| How to Manage
your money
(...Continued
From HowTo Manage Your Money Pt 1)
What Money Cannot Buy
Money cannot buy security,
because security is a psychological state. To some, it means
having enough food to eat, clothing on your back, a shelter
over your head, or someone who loves you. To others, security
requires millions of dollars in tax-free accounts around the
world.
Money can’t buy love
and happiness either. In one telephone survey, 275 people
in the San Francisco Bay area were asked if they believed
that they would be significantly happier and more loving if
they had a million dollars. Seventy-six percent of the respondents
replied, "Yes. Absolutely." Then the research company
contacted ten millionaires, and asked them, "Did making
your first million dollars make you a happier or more loving
person?" The response was unanimous: "No."

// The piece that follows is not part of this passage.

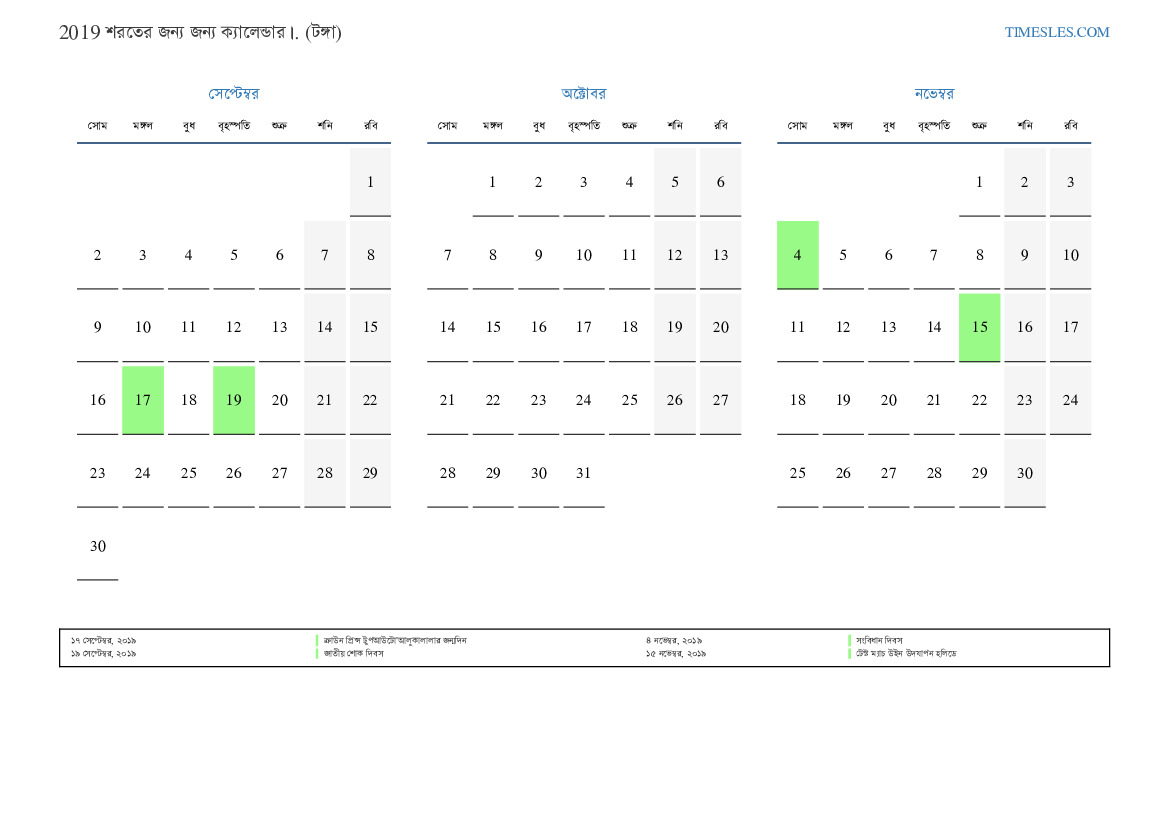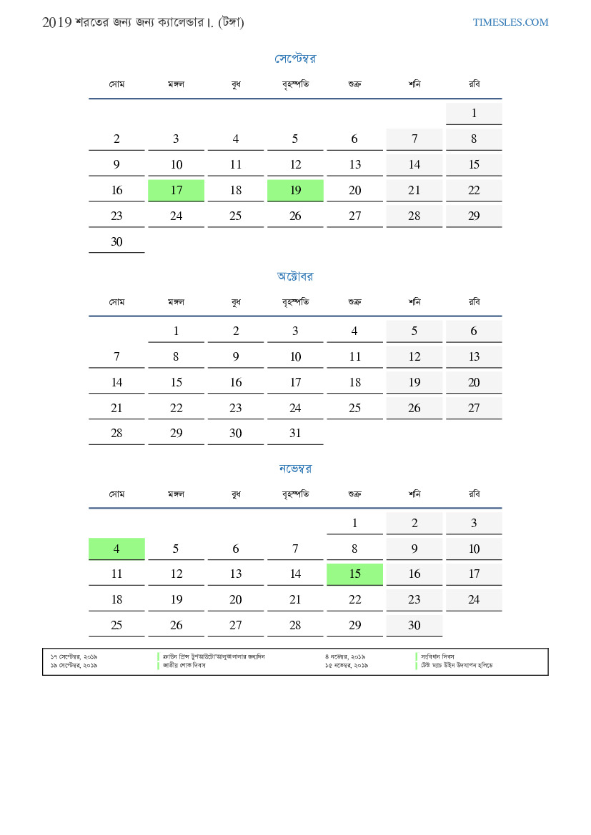টঙ্গার জন্য 2019 সালের শরতের জন্য ছুটি এবং সাপ্তাহিক ছুটির সাথে পিডিএফ ক্যালেন্ডার ডাউনলোড এবং মুদ্রণ করুন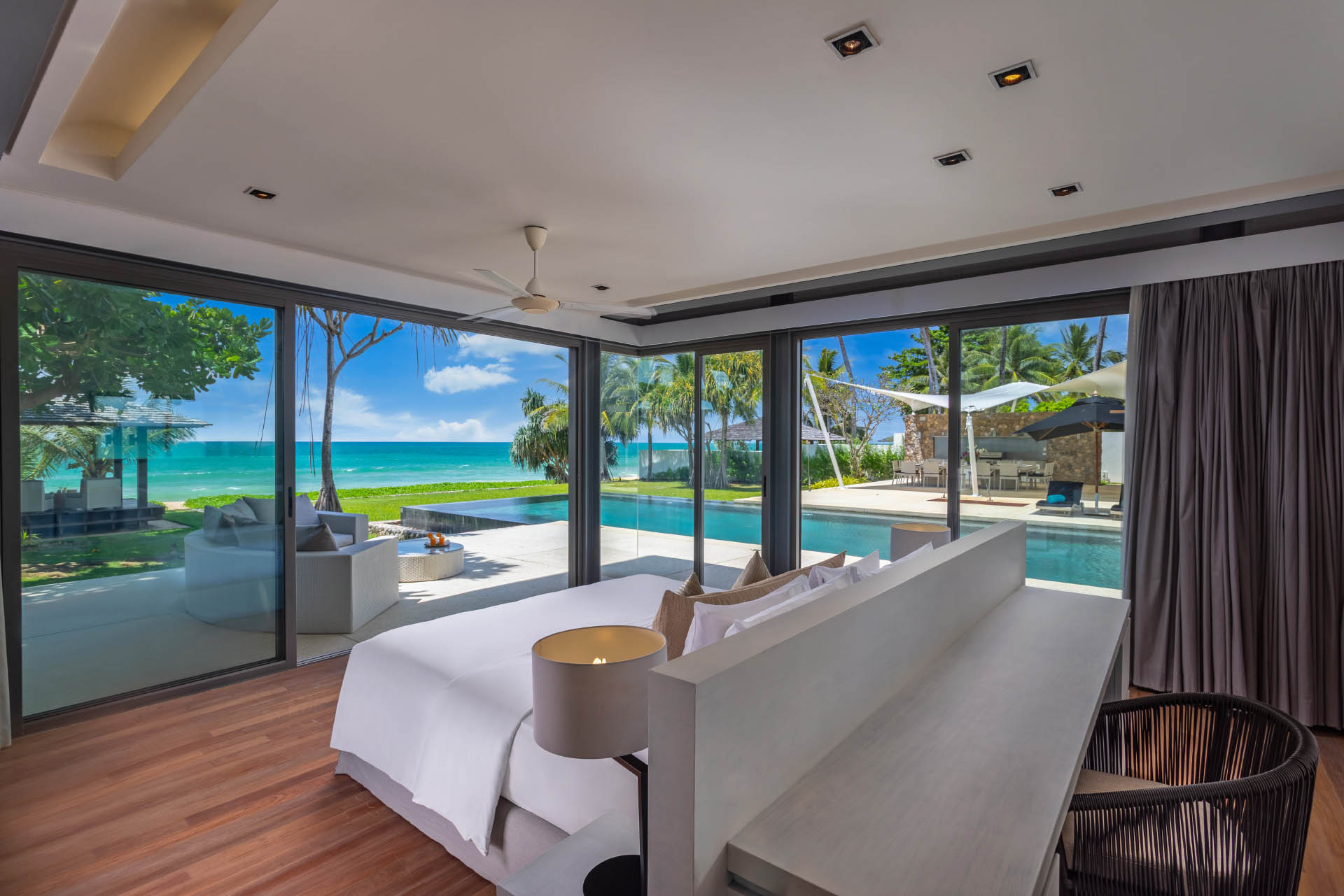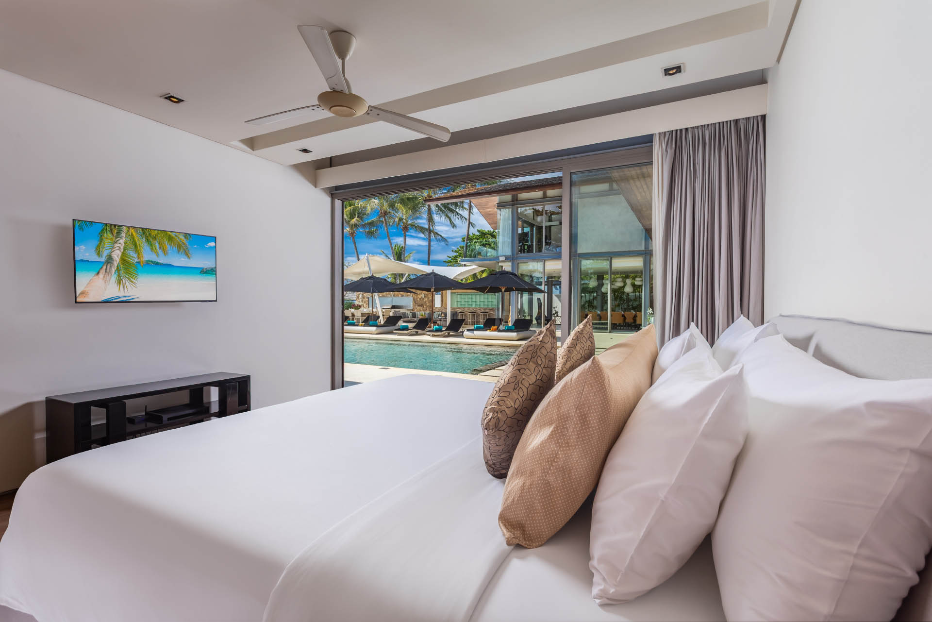 Master Bedroom 1 (68 m2) — King size bed; Ocean, swimming pool, and sunset views; Outside patio for 8 persons; Walk-in closet; Work desk; 42-inch flat screen TV with True Vision platinum package; Onkyo sound system; 3 seater couch; Safety box; Ceiling fan; Air conditioning; Ensuite bathroom with bathtub, rain shower, double vanities, and toilet; Toiletries; Hair dryer; Bathrobes; Slippers; Umbrellas

The best things in life—the
sun in the morning and the moon at night—are free. And
money doesn’t guarantee happiness. But financial abundance
does offer a number of practical benefits. Sleep, for one
thing—very few affluent people stay up late worrying
about having too much money. Money also buys privacy, space,
and silence.
Three things help me
get through life successfully:
an understanding husband,
an extremely good analyst,
and millions and millions of dollars.
—Mary Tyler Moore
Wealthy people do have problems,
but they have less to do with survival. There may be some
forlorn rich people and some delighted poor people, but on
the whole, managing your money certainly gives you a leg up.
Simple Principles for Sufficiency
In Walden Henry David Thoreau
described how by living frugally, growing his own food, building
a hut with scrap lumber he’d found on some land near
Walden Pond, he would only have to work for six weeks a year
to earn enough to live a quiet, contemplative life. There
is much to admire about his experiment (which lasted a season
or two), but such a life is not for everyone. You may not
want to follow Thoreau to Walden Pond, but here are some simple
principles that you can follow:
Live Below Your Means
Many of us believe our main
money problem is how to make more of it, but how we spend
it is in fact more important. Because as our income increases,
so do desires and expenses. It’s all a matter of scale.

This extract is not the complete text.